Exercise data:

------------------------------------------------------------------------

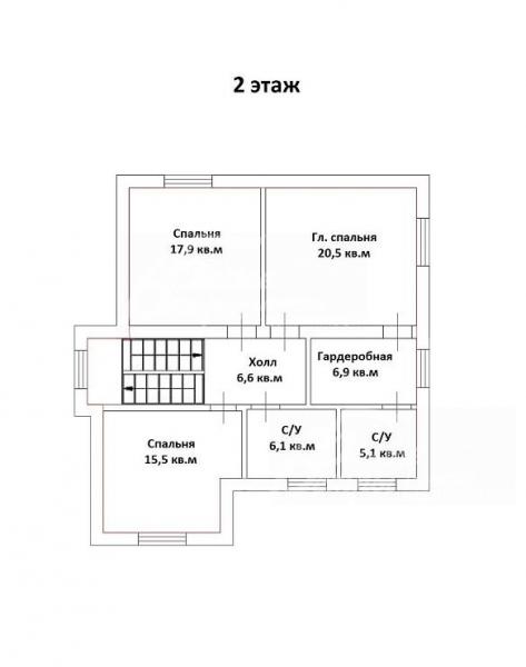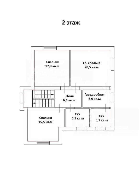 2-ой этаж: холл 6,6 кв.м, мастер-спальня 20,5 кв.м со своими гардеробной 6,9 кв.м и санузлом (с душевой кабиной) 5,1 кв.м, спальня 17.9 кв.м, спальня 15.5 кв м, общий санузел 6.1 кв.м (с ванной).
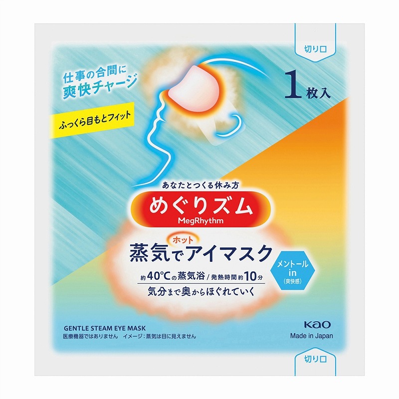 心地よい蒸気が10分程度続き、はりつめた気分をじんわりほぐします。さらに、メントールの心地よい刺激で、気分爽快。仕事や勉強などの合間におすすめです。メントール配合(爽快感)。ユーカリの香り。
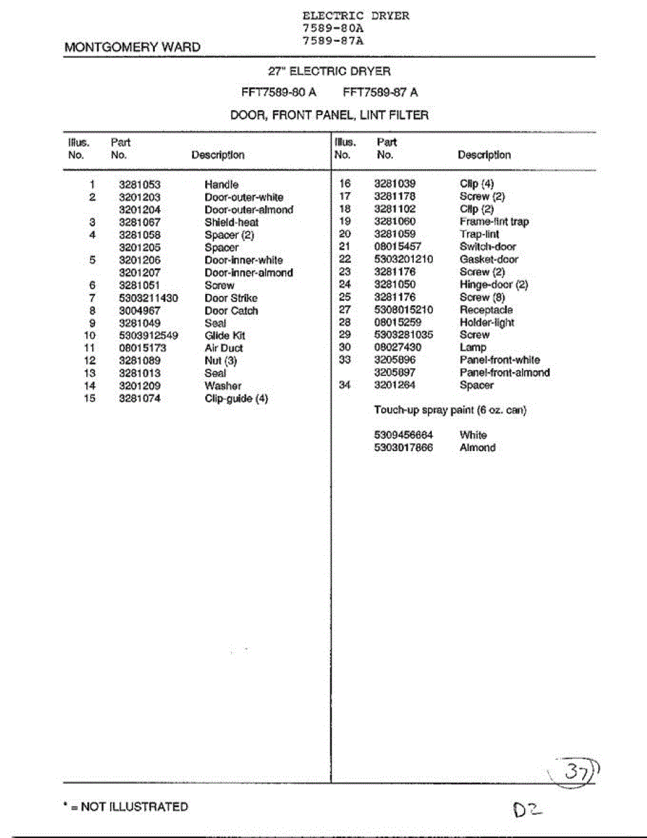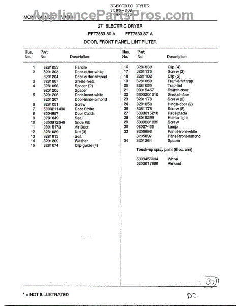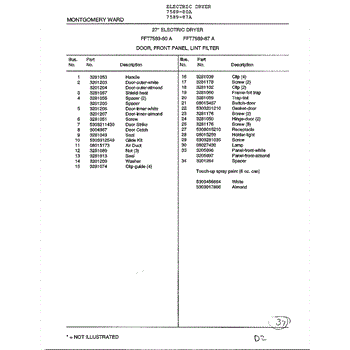 Parts for Frigidaire 7589-87A: Door, Front Panel, Lint Filter Page 2 Parts

------------------------------------------------------------------------

What you are asked to do: When you reach the line that contains "心地よい蒸気が10分程度続き", start copying the listing word for word and stop only after its last line, without any pictures.

Answer for the task:
 心地よい蒸気が10分程度続き、はりつめた気分をじんわりほぐします。さらに、メントールの心地よい刺激で、気分爽快。仕事や勉強などの合間におすすめです。メントール配合(爽快感)。ユーカリの香り。
 Parts for Frigidaire 7589-87A: Door, Front Panel, Lint Filter Page 2 Parts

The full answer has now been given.